Data listing Start Marker

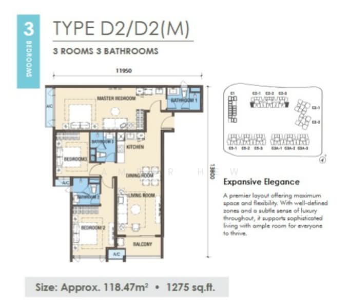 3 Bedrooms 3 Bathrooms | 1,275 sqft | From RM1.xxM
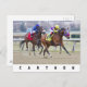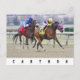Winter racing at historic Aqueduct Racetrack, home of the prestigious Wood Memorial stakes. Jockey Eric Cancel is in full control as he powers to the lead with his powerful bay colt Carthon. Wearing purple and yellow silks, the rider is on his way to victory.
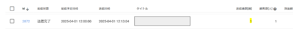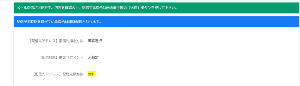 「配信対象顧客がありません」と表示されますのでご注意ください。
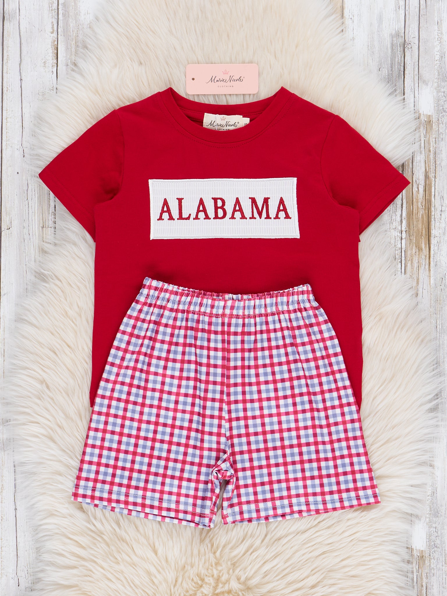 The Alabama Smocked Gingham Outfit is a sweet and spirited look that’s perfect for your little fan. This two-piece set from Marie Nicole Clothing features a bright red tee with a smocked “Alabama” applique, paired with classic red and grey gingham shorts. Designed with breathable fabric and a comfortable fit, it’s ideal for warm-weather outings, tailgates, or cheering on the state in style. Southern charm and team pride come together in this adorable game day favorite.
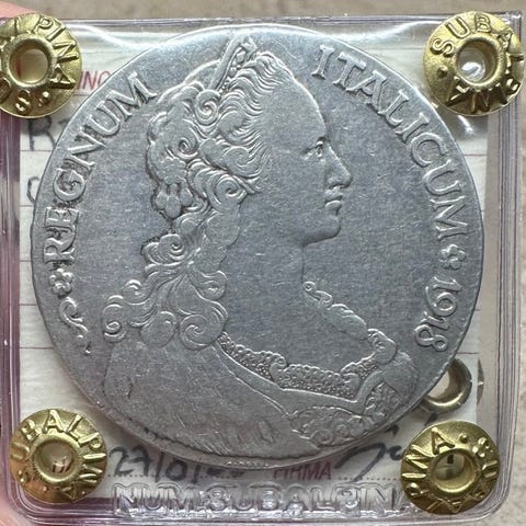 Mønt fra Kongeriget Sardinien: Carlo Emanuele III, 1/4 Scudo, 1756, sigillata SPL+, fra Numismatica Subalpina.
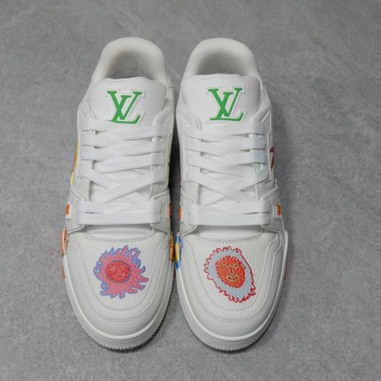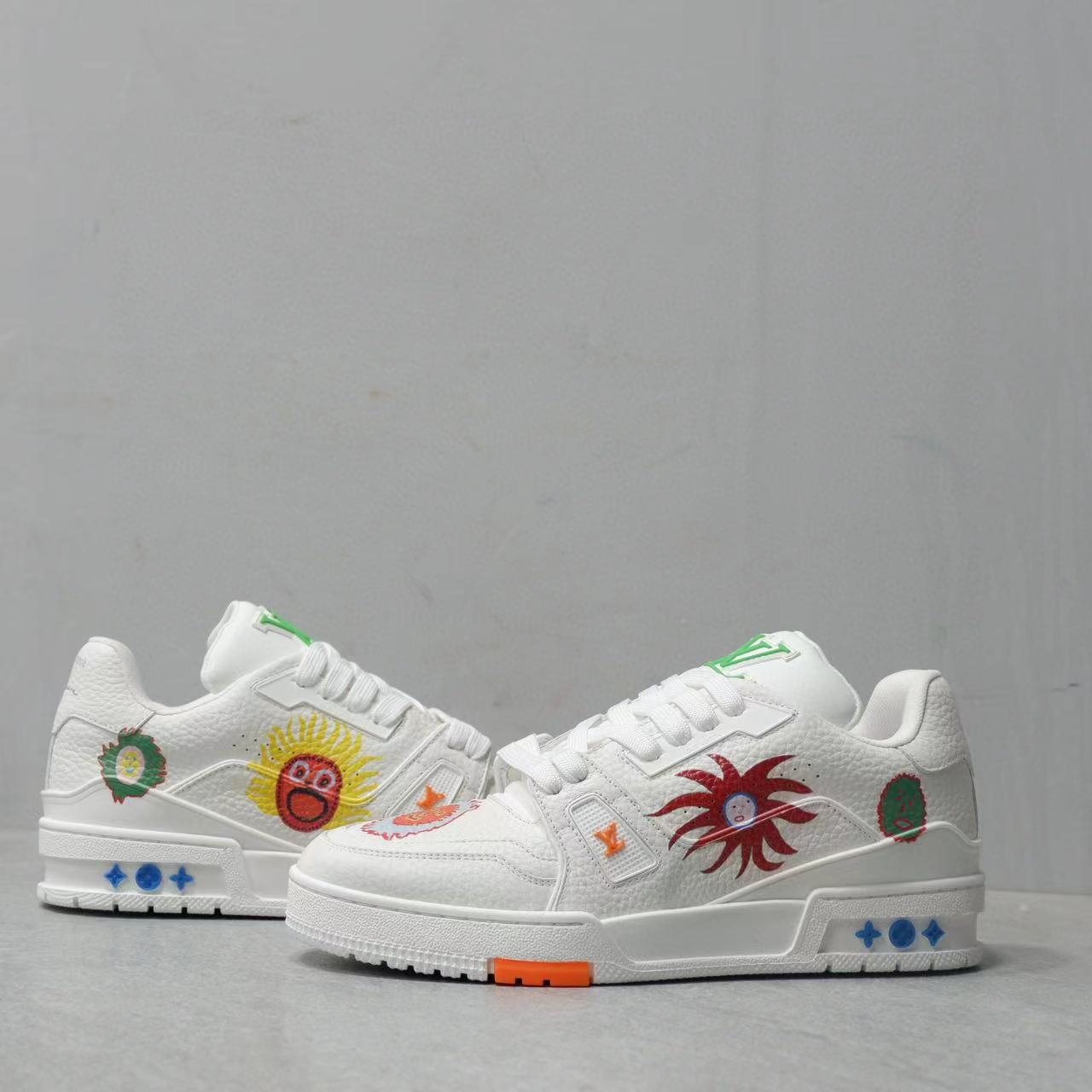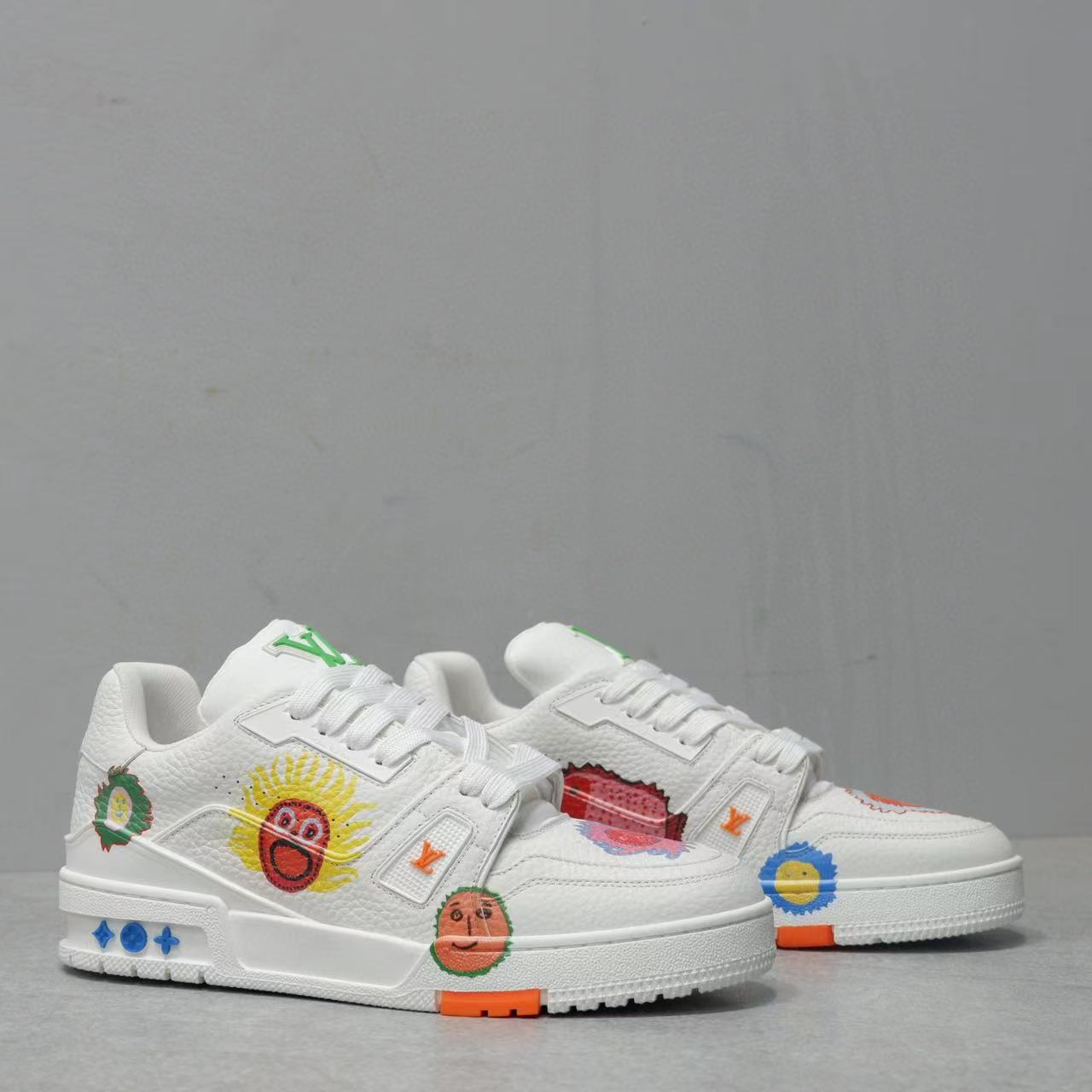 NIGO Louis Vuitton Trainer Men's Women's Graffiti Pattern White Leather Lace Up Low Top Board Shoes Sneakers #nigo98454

Data listing End Marker
Data listing Start Marker

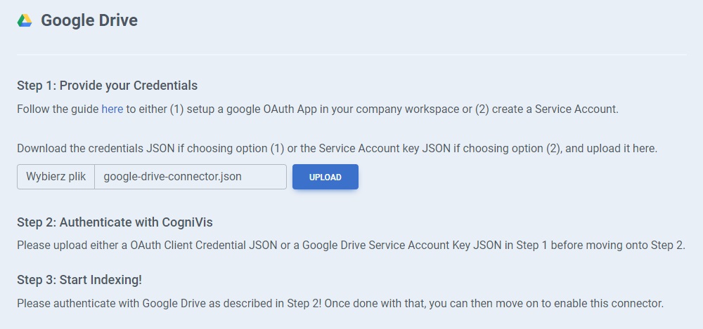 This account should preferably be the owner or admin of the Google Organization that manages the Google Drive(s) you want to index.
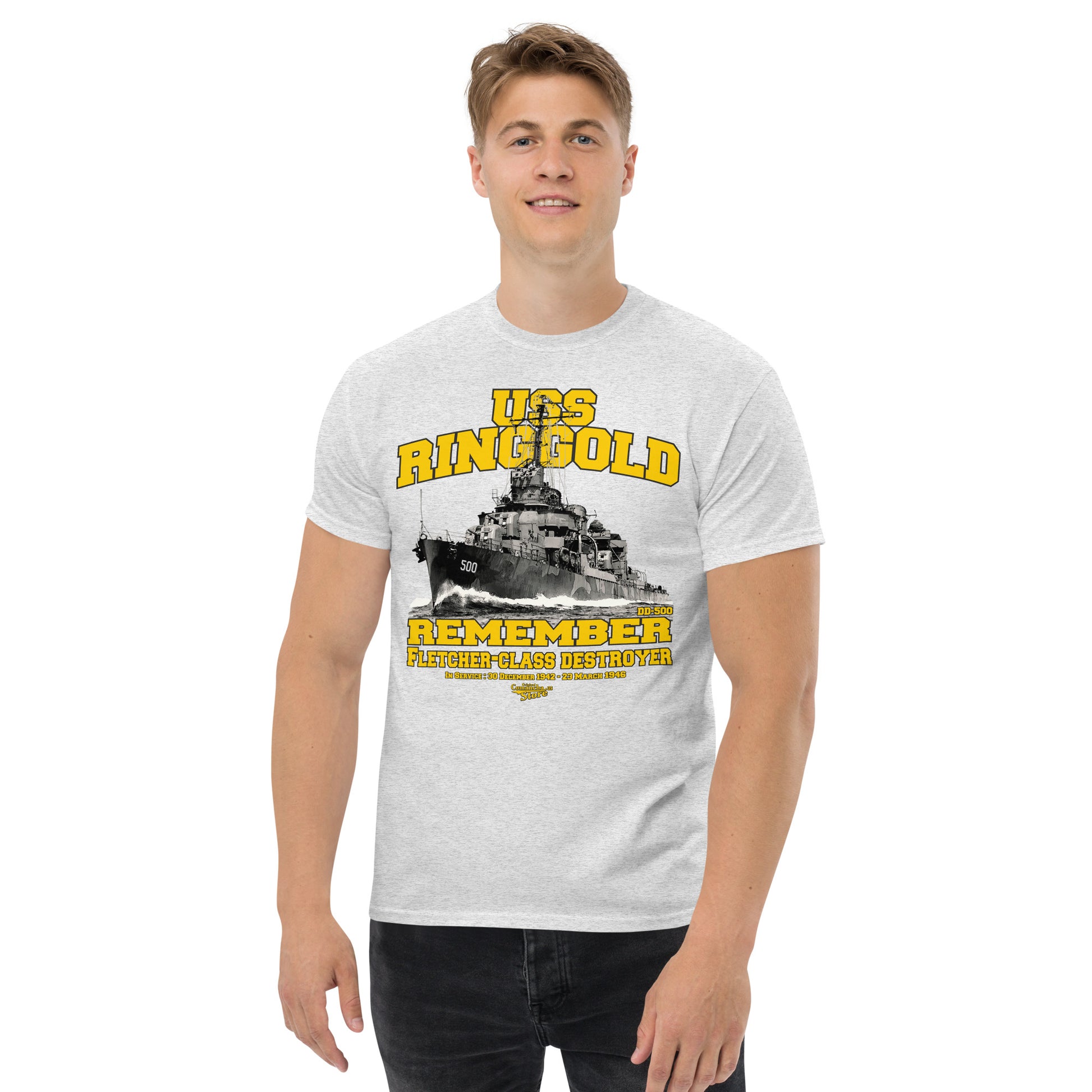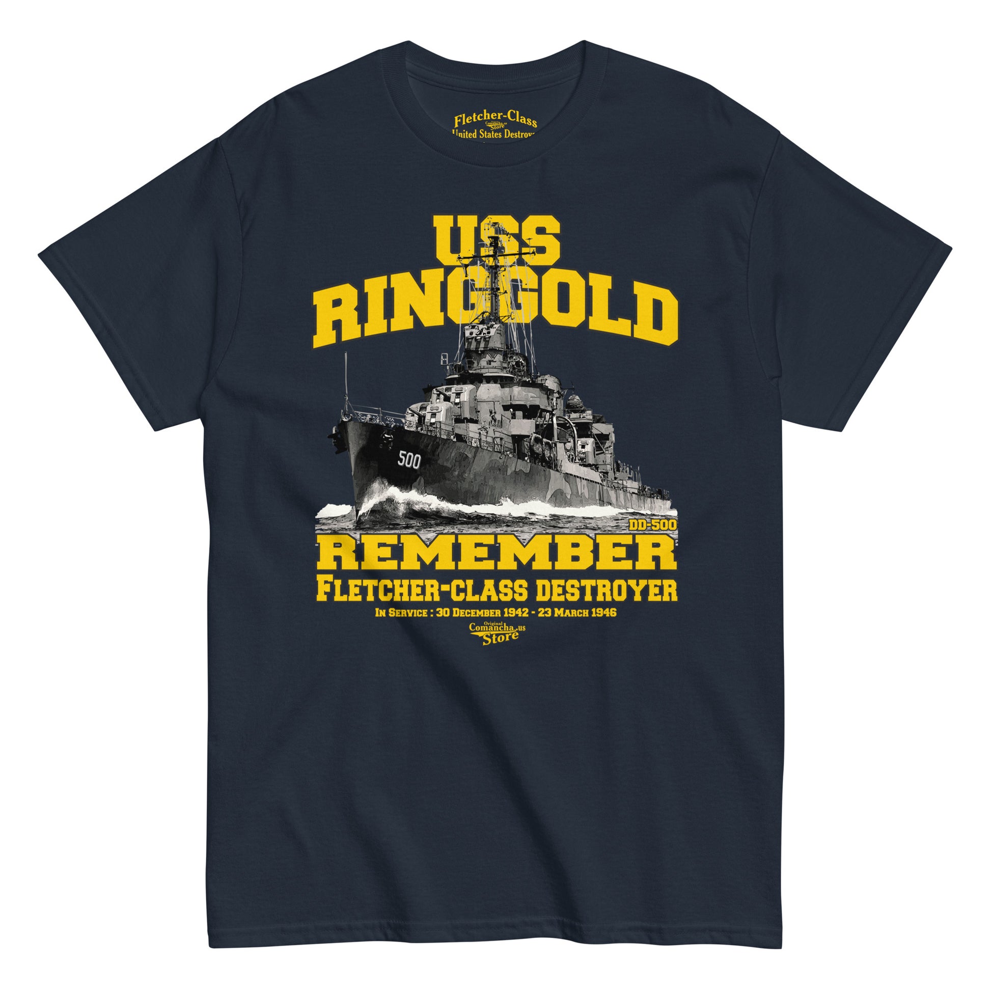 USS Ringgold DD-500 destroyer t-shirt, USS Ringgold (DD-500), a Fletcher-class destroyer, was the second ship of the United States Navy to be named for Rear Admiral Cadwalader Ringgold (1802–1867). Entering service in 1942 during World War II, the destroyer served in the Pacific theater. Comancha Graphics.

Data listing End Marker

## Required work
Look above for the line with "Mønt fra Kongeriget", then give again exactly every line from there through the line with "NIGO Louis Vuitton", skipping the pictures.

## Answer section
 Mønt fra Kongeriget Sardinien: Carlo Emanuele III, 1/4 Scudo, 1756, sigillata SPL+, fra Numismatica Subalpina.
 NIGO Louis Vuitton Trainer Men's Women's Graffiti Pattern White Leather Lace Up Low Top Board Shoes Sneakers #nigo98454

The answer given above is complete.